Wing Commander Andy Green is the RAF's team captain for the Cresta Run. Green is an established driver of land speed record cars, and holds the current land speed record which he achieved in Thrust SSC. He was also the driver for the Bloodhound LSR land speed record attempt until stepping down in November 2023.

Baron Raunchy was reported to have had the slowest ride from Junction, with a time of 380 seconds.

==Women and the Cresta==

Women were not originally banned from the Cresta Run; for example, T. A. Cook records that, in 1895, various trials were made by women on the Cresta, testing different riding positions and different styles of toboggan—although at that time women riders were encouraged to use only the lower half of the course.

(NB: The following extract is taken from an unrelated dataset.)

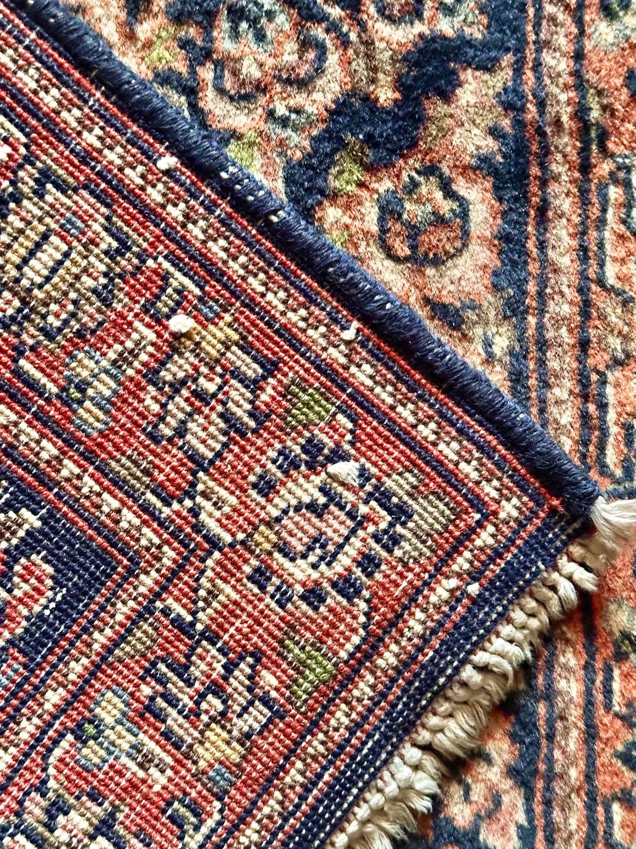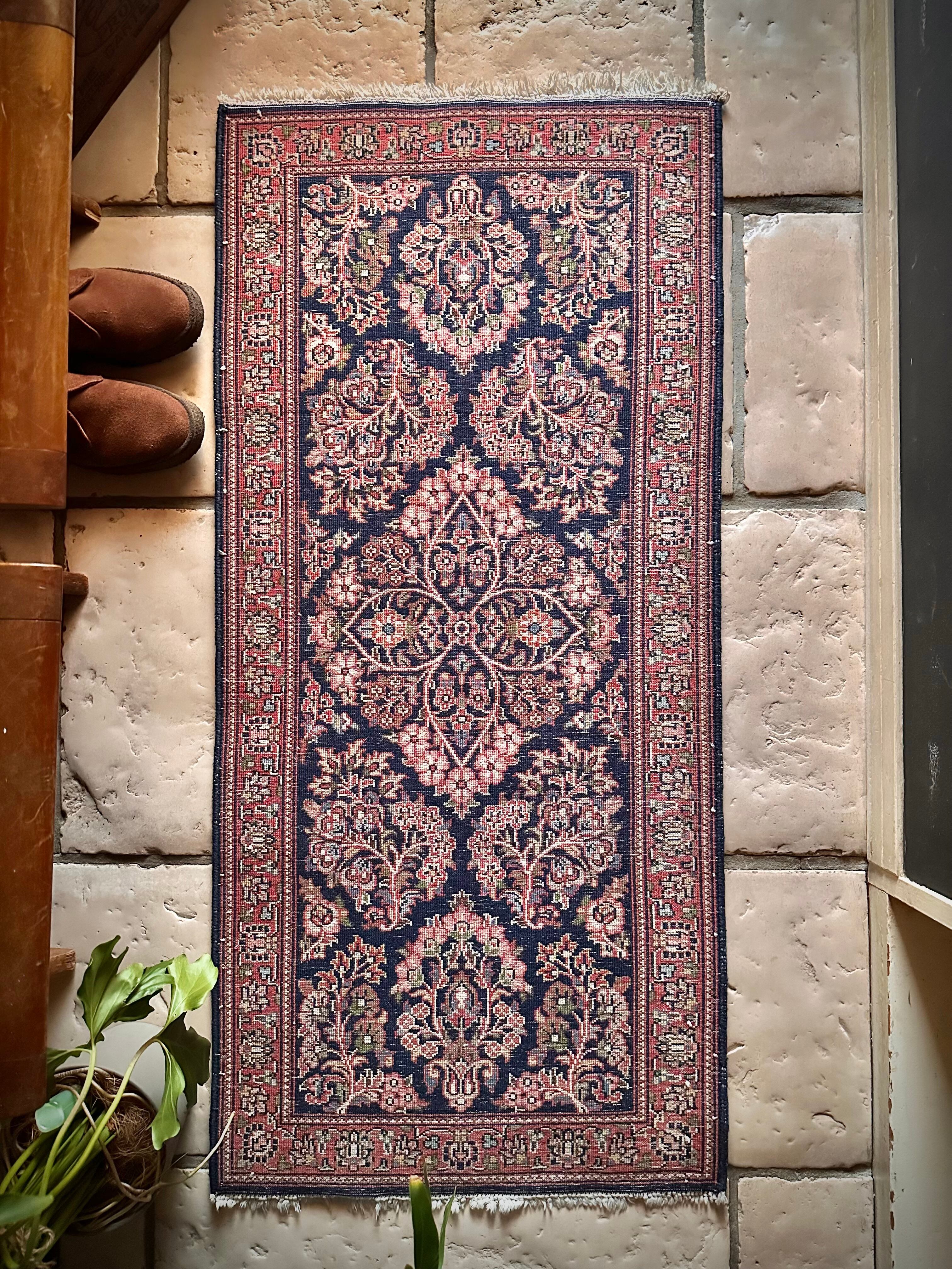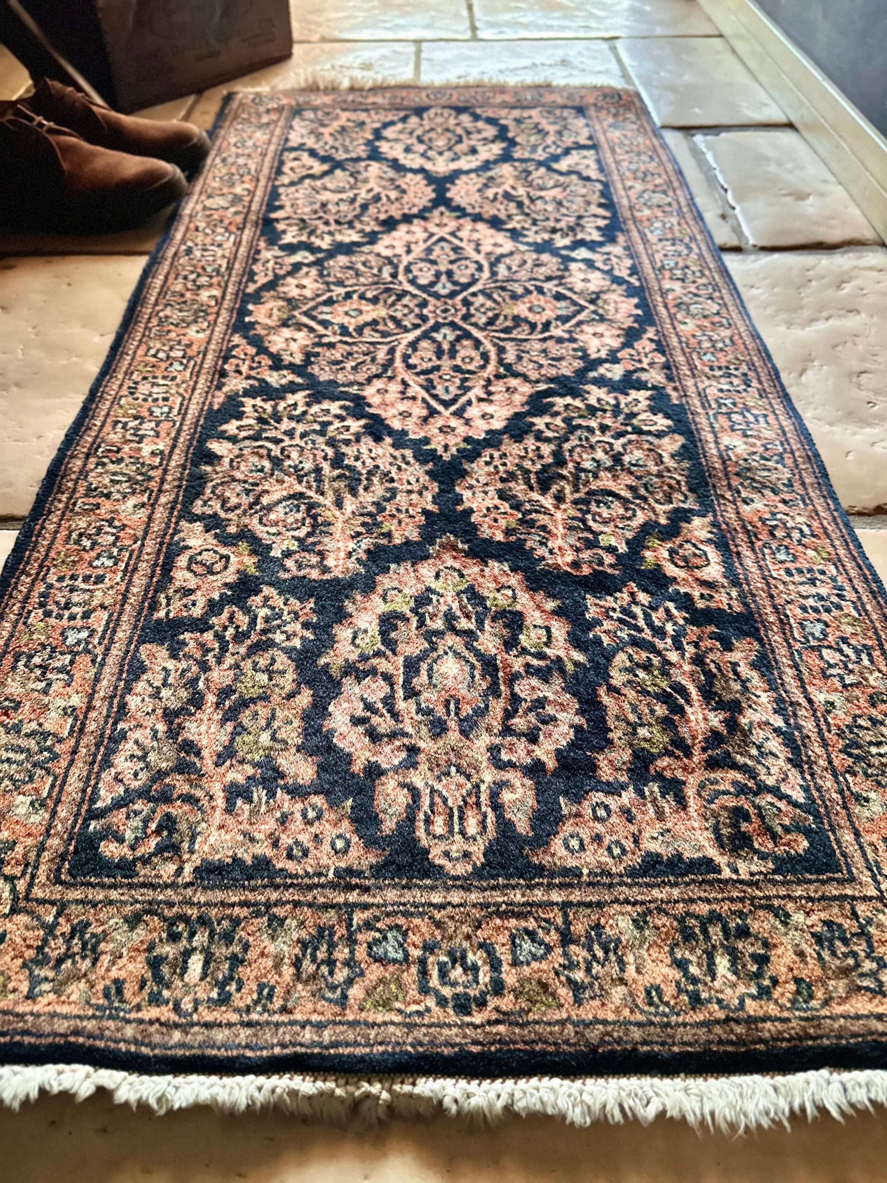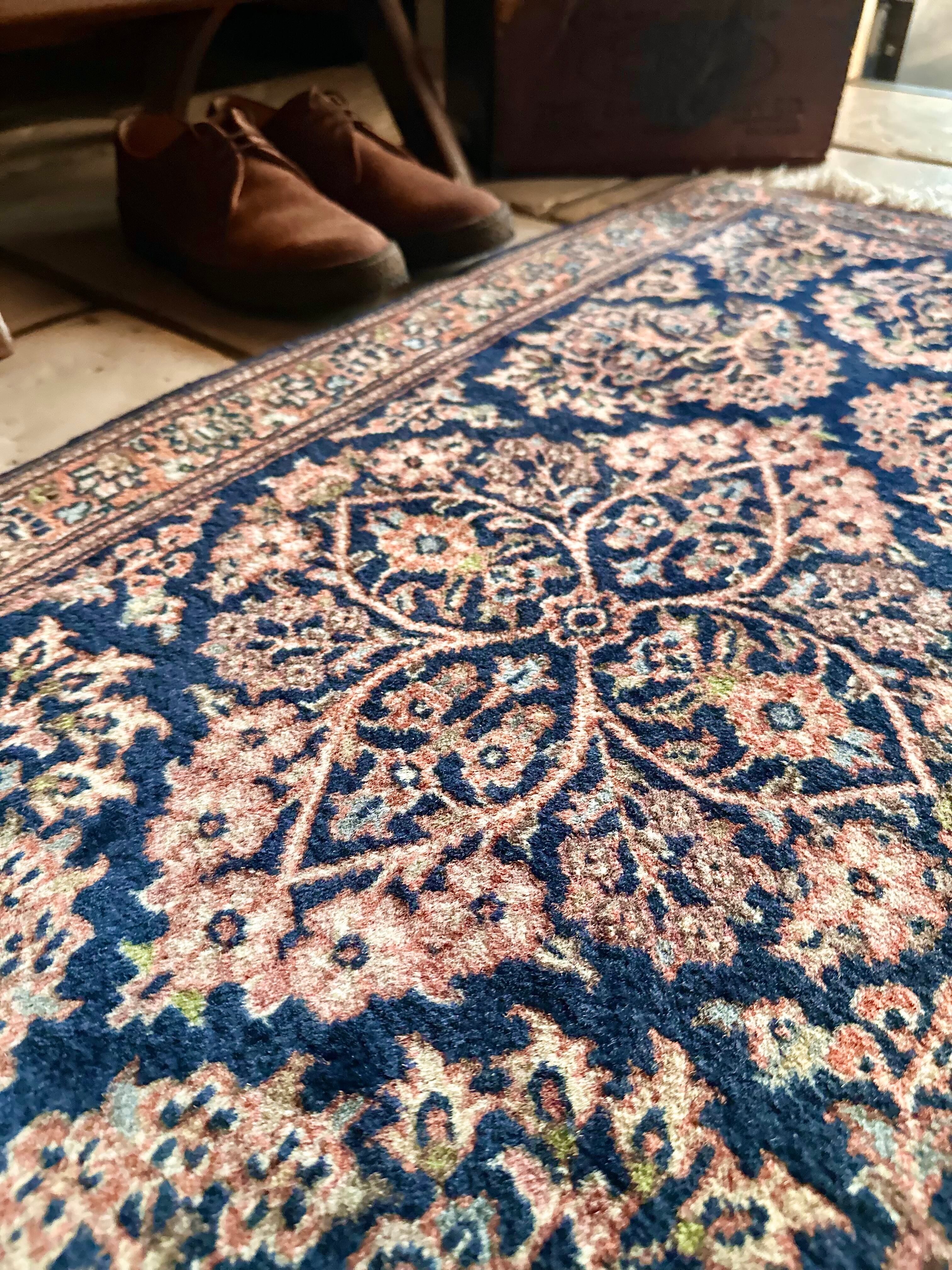 みっちりと厚手に織られたサルーク絨毯は、その丈夫さ故に欧米向けに人気があり、赤を基調としたアメリカン・サルークなる絨毯が作られていましたが、こちらもそんな丈夫な作りで踏み心地もよく、色合い的にはキッチンマットとしても汚れが目立ちにくいでしょうか。

Vera Barclay rode the Cresta Run from Top. She was followed by a young American man, Charles Lowe Boorum, Jnr., who said, "See you at the finish". Boorum started too fast and slid into Church Leap at such a speed that he crashed at the Shuttlecock, was hit by his toboggan and died from a fractured skull that evening.

From 1929 until December 2018 rules forbade women riders. In 2019 Carina Evans, of Britain, became the first woman to descend the Cresta Run from Top since the ban on women riders was lifted in 2018.

Towards the end of the season, there is a Ladies Event in which women compete from Junction by invitation only.